REQUIRED ACTION | As an exercise, transcribe the data below in full and exactly, omitting pictures.

(Records from a dataset)
►
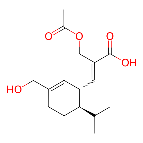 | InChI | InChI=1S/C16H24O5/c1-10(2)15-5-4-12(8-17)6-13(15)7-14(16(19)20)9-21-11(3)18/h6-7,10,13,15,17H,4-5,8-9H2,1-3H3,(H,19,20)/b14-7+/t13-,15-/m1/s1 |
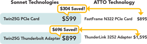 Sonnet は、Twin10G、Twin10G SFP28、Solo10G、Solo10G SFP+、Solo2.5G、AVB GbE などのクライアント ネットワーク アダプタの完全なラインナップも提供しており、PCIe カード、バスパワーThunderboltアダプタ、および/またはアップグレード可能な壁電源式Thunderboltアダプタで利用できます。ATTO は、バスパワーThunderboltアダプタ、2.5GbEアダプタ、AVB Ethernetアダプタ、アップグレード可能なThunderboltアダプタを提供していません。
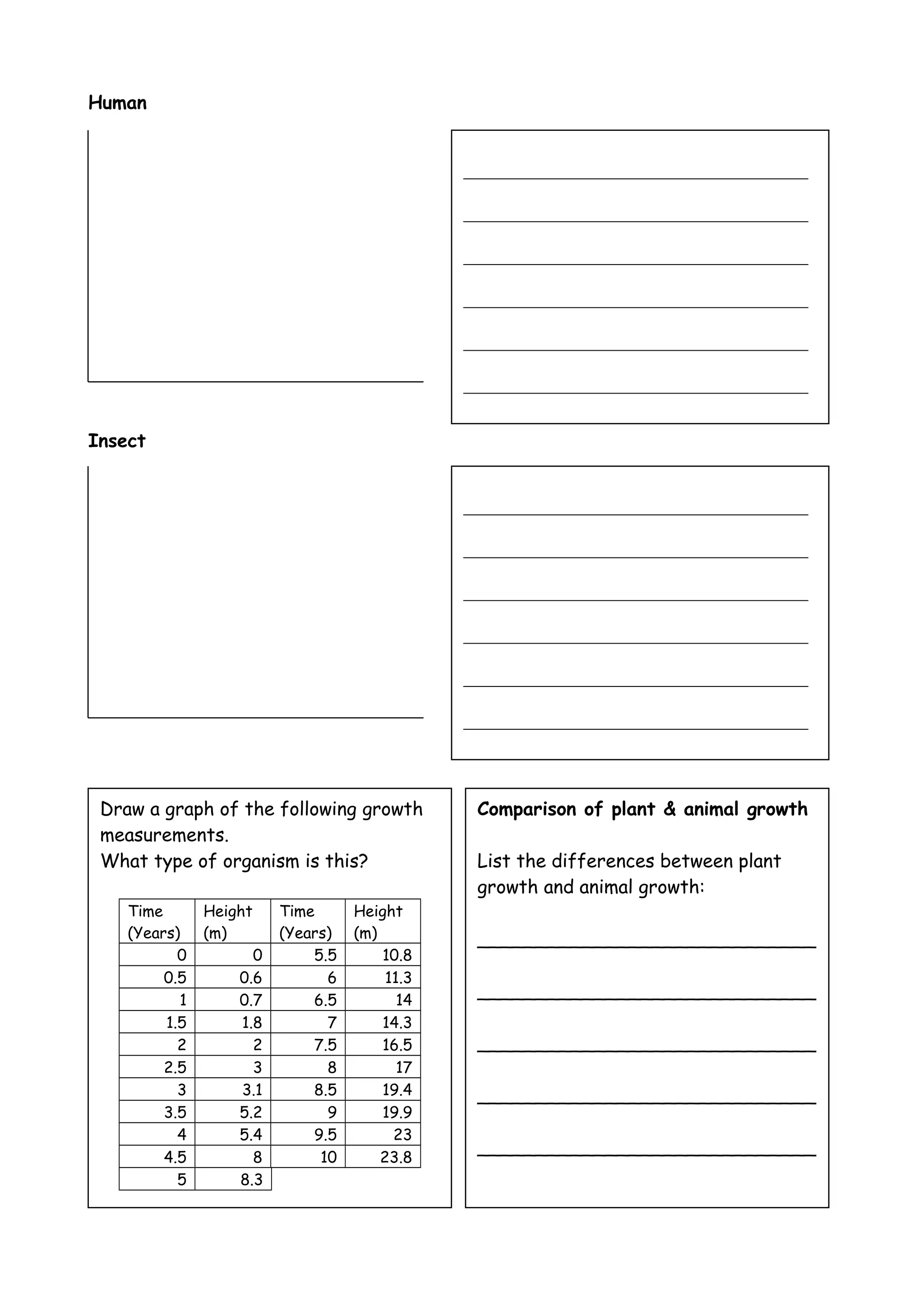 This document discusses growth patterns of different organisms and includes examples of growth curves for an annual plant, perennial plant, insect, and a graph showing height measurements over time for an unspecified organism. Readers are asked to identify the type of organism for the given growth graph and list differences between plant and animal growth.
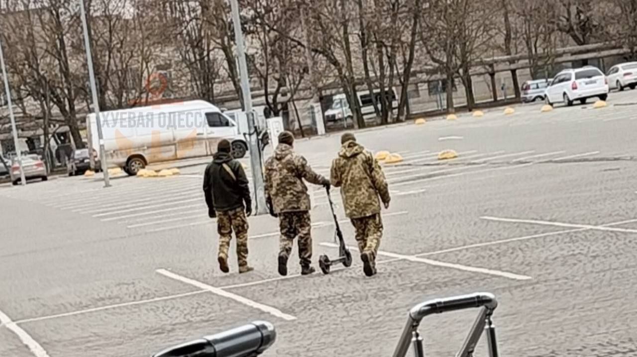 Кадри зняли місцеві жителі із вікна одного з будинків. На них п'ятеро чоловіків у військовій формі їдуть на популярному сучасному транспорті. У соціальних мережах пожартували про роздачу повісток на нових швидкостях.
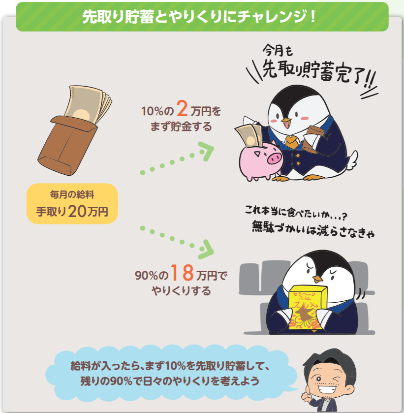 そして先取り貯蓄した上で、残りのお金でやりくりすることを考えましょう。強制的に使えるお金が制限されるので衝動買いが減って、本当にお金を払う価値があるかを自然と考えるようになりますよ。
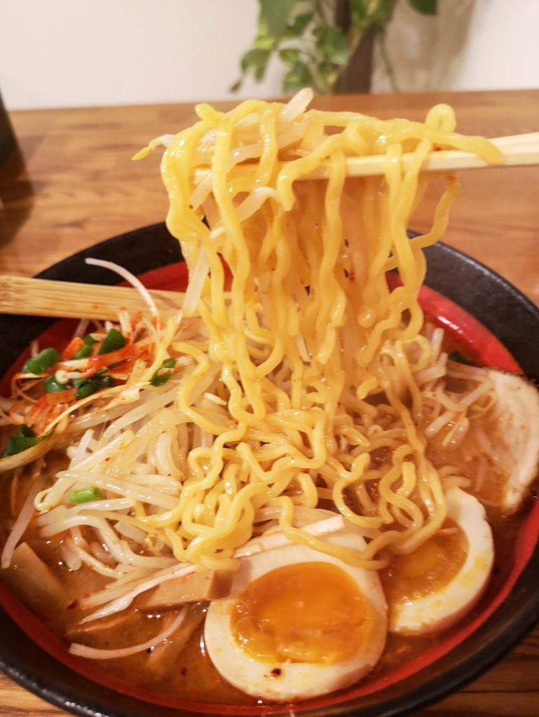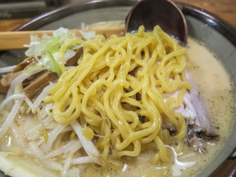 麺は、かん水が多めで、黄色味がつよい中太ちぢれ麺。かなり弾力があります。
◄
TASK OUTPUT |
 | InChI | InChI=1S/C16H24O5/c1-10(2)15-5-4-12(8-17)6-13(15)7-14(16(19)20)9-21-11(3)18/h6-7,10,13,15,17H,4-5,8-9H2,1-3H3,(H,19,20)/b14-7+/t13-,15-/m1/s1 |
 Sonnet は、Twin10G、Twin10G SFP28、Solo10G、Solo10G SFP+、Solo2.5G、AVB GbE などのクライアント ネットワーク アダプタの完全なラインナップも提供しており、PCIe カード、バスパワーThunderboltアダプタ、および/またはアップグレード可能な壁電源式Thunderboltアダプタで利用できます。ATTO は、バスパワーThunderboltアダプタ、2.5GbEアダプタ、AVB Ethernetアダプタ、アップグレード可能なThunderboltアダプタを提供していません。
 This document discusses growth patterns of different organisms and includes examples of growth curves for an annual plant, perennial plant, insect, and a graph showing height measurements over time for an unspecified organism. Readers are asked to identify the type of organism for the given growth graph and list differences between plant and animal growth.
 Кадри зняли місцеві жителі із вікна одного з будинків. На них п'ятеро чоловіків у військовій формі їдуть на популярному сучасному транспорті. У соціальних мережах пожартували про роздачу повісток на нових швидкостях.
 そして先取り貯蓄した上で、残りのお金でやりくりすることを考えましょう。強制的に使えるお金が制限されるので衝動買いが減って、本当にお金を払う価値があるかを自然と考えるようになりますよ。
 麺は、かん水が多めで、黄色味がつよい中太ちぢれ麺。かなり弾力があります。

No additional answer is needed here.